We can refer to the schema file to see the full text of each question. The schema file contains only two columns: Column
and QuestionText
. We can load it as Pandas Series with Column
as the index and the QuestionText
as the value.
schema_fname = 'stackoverflow-developer-survey-2020/survey_results_schema.csv'
schema_raw = pd.read_csv(schema_fname, index_col='Column').QuestionText
schema_raw
Column
Respondent Randomized respondent ID number (not in order ...
MainBranch Which of the following options best describes ...
Hobbyist Do you code as a hobby?
Age What is your age (in years)? If you prefer not...
Age1stCode At what age did you write your first line of c...
...
WebframeWorkedWith Which web frameworks have you done extensive d...
WelcomeChange Compared to last year, how welcome do you feel...
WorkWeekHrs On average, how many hours per week do you wor...
YearsCode Including any education, how many years have y...
YearsCodePro NOT including education, how many years have y...
Name: QuestionText, Length: 61, dtype: object
We can now use schema_raw
to retrieve the full question text for any column in survey_raw_df
.
schema_raw['YearsCodePro']
'NOT including education, how many years have you coded professionally (as a part of your work)?'
We've now loaded the dataset. We're ready to move on to the next step of preprocessing & cleaning the data for our analysis.
Whether you're running this Jupyter notebook online or on your computer, it's essential to save your work from time to time. You can continue working on a saved notebook later or share it with friends and colleagues to let them execute your code. Jovian offers an easy way of saving and sharing your Jupyter notebooks online.
# Select a project name
project='python-eda-stackoverflow-survey'
# Install the Jovian library
!pip install jovian --upgrade --quiet
import jovian
jovian.commit(project=project)
[jovian] Attempting to save notebook..
[jovian] Updating notebook "aakashns/python-eda-stackoverflow-survey" on https://jovian.ai/
[jovian] Uploading notebook..
[jovian] Capturing environment..
[jovian] Committed successfully! https://jovian.ai/aakashns/python-eda-stackoverflow-survey
The first time you run jovian.commit
, you'll be asked to provide an API Key to securely upload the notebook to your Jovian account.
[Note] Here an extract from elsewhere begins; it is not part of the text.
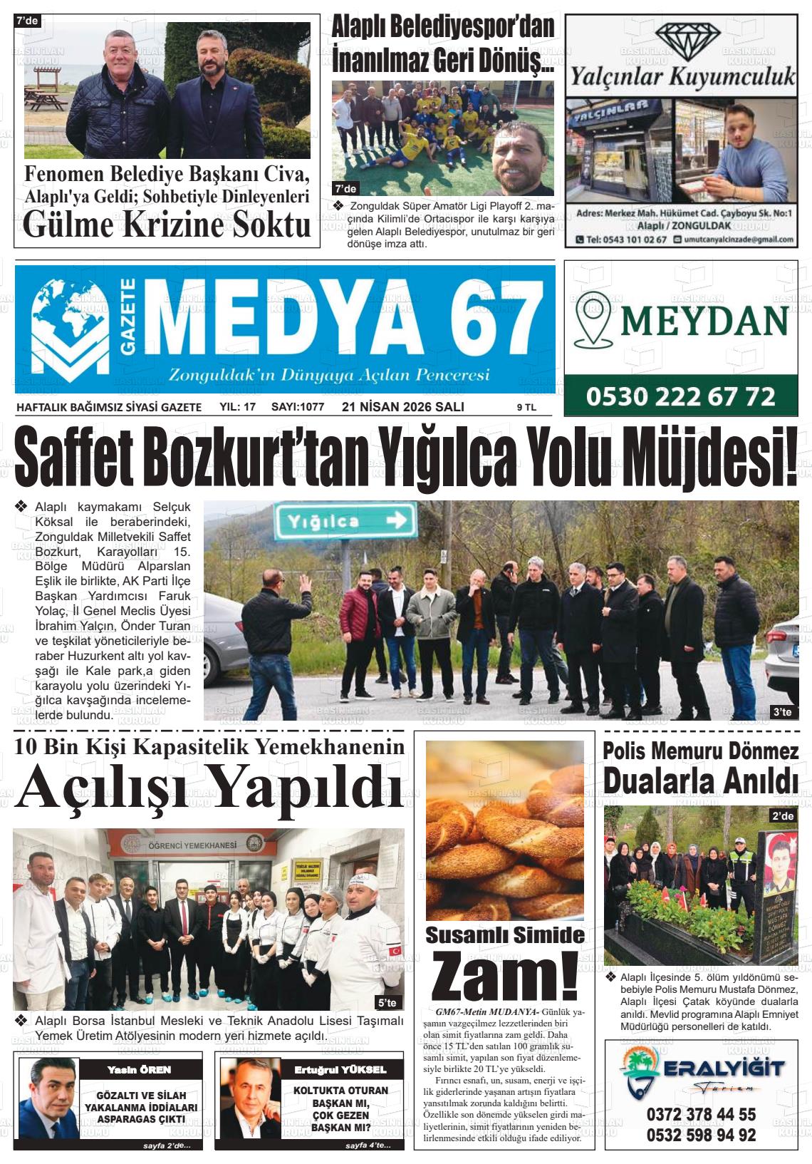 Zonguldak Yerel Gazeteleri 21 Nisan 2026, Salı Günü Manşeti

You can get the API key from your Jovian profile page after logging in / signing up.
jovian.commit
uploads the notebook to your Jovian account, captures the Python environment, and creates a shareable link for your notebook, as shown above. You can use this link to share your work and let anyone (including you) run your notebooks and reproduce your work.
While the survey responses contain a wealth of information, we'll limit our analysis to the following areas:
Let's select a subset of columns with the relevant data for our analysis.
selected_columns = [
# Demographics
'Country',
'Age',
'Gender',
'EdLevel',
'UndergradMajor',
# Programming experience
'Hobbyist',
'Age1stCode',
'YearsCode',
'YearsCodePro',
'LanguageWorkedWith',
'LanguageDesireNextYear',
'NEWLearn',
'NEWStuck',
# Employment
'Employment',
'DevType',
'WorkWeekHrs',
'JobSat',
'JobFactors',
'NEWOvertime',
'NEWEdImpt'
]
len(selected_columns)
20
Let's extract a copy of the data from these columns into a new data frame survey_df
. We can continue to modify further without affecting the original data frame.
survey_df = survey_raw_df[selected_columns].copy()
schema = schema_raw[selected_columns]
Let's view some basic information about the data frame.
survey_df.shape
(64461, 20)
survey_df.info()
<class 'pandas.core.frame.DataFrame'>
RangeIndex: 64461 entries, 0 to 64460
Data columns (total 20 columns):
# Column Non-Null Count Dtype
--- ------ -------------- -----
0 Country 64072 non-null object
1 Age 45446 non-null float64
2 Gender 50557 non-null object
3 EdLevel 57431 non-null object
4 UndergradMajor 50995 non-null object
5 Hobbyist 64416 non-null object
6 Age1stCode 57900 non-null object
7 YearsCode 57684 non-null object
8 YearsCodePro 46349 non-null object
9 LanguageWorkedWith 57378 non-null object
10 LanguageDesireNextYear 54113 non-null object
11 NEWLearn 56156 non-null object
12 NEWStuck 54983 non-null object
13 Employment 63854 non-null object
14 DevType 49370 non-null object
15 WorkWeekHrs 41151 non-null float64
16 JobSat 45194 non-null object
17 JobFactors 49349 non-null object
18 NEWOvertime 43231 non-null object
19 NEWEdImpt 48465 non-null object
dtypes: float64(2), object(18)
memory usage: 9.8+ MB
Most columns have the data type object
, either because they contain values of different types or contain empty values (NaN
). It appears that every column contains some empty values since the Non-Null count for every column is lower than the total number of rows (64461). We'll need to deal with empty values and manually adjust the data type for each column on a case-by-case basis.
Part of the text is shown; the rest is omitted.